WHAT IS NEEDED :: Produce as output only the lines below starting at the line with "めに使うなんて!」と話に。ま" and continuing through the line with "セージ、レモンバーム、セージも元気に育っています。", each one exactly as written.
++++ PROVIDED INFORMATION
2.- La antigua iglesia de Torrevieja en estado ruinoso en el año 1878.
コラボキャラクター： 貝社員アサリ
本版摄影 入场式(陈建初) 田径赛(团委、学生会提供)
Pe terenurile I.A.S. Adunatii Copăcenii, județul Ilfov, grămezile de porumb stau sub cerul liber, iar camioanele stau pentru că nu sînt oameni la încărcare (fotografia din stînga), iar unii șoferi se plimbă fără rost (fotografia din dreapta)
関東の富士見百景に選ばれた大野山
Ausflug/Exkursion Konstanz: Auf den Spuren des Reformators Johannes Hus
++++++++
++++ PROVIDED INFORMATION
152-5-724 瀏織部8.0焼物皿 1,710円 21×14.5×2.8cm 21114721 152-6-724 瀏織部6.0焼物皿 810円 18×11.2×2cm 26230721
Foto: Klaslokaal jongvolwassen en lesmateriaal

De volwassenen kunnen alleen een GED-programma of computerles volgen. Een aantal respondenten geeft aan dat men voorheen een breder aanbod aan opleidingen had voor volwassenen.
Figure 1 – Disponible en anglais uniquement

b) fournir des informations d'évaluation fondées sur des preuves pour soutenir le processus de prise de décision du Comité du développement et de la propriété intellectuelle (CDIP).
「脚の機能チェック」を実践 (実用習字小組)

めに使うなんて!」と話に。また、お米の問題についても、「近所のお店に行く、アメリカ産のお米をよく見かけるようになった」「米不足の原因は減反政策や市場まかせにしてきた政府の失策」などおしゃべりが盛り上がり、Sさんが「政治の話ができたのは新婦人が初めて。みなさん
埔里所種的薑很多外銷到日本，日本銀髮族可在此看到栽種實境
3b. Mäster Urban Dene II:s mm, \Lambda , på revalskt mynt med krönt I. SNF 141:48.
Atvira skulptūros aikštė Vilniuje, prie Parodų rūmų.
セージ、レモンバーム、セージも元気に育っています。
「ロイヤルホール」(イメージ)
++++++++
OUTPUT BELOW ::
めに使うなんて!」と話に。また、お米の問題についても、「近所のお店に行く、アメリカ産のお米をよく見かけるようになった」「米不足の原因は減反政策や市場まかせにしてきた政府の失策」などおしゃべりが盛り上がり、Sさんが「政治の話ができたのは新婦人が初めて。みなさん
埔里所種的薑很多外銷到日本，日本銀髮族可在此看到栽種實境
3b. Mäster Urban Dene II:s mm, \Lambda , på revalskt mynt med krönt I. SNF 141:48.
Atvira skulptūros aikštė Vilniuje, prie Parodų rūmų.
セージ、レモンバーム、セージも元気に育っています。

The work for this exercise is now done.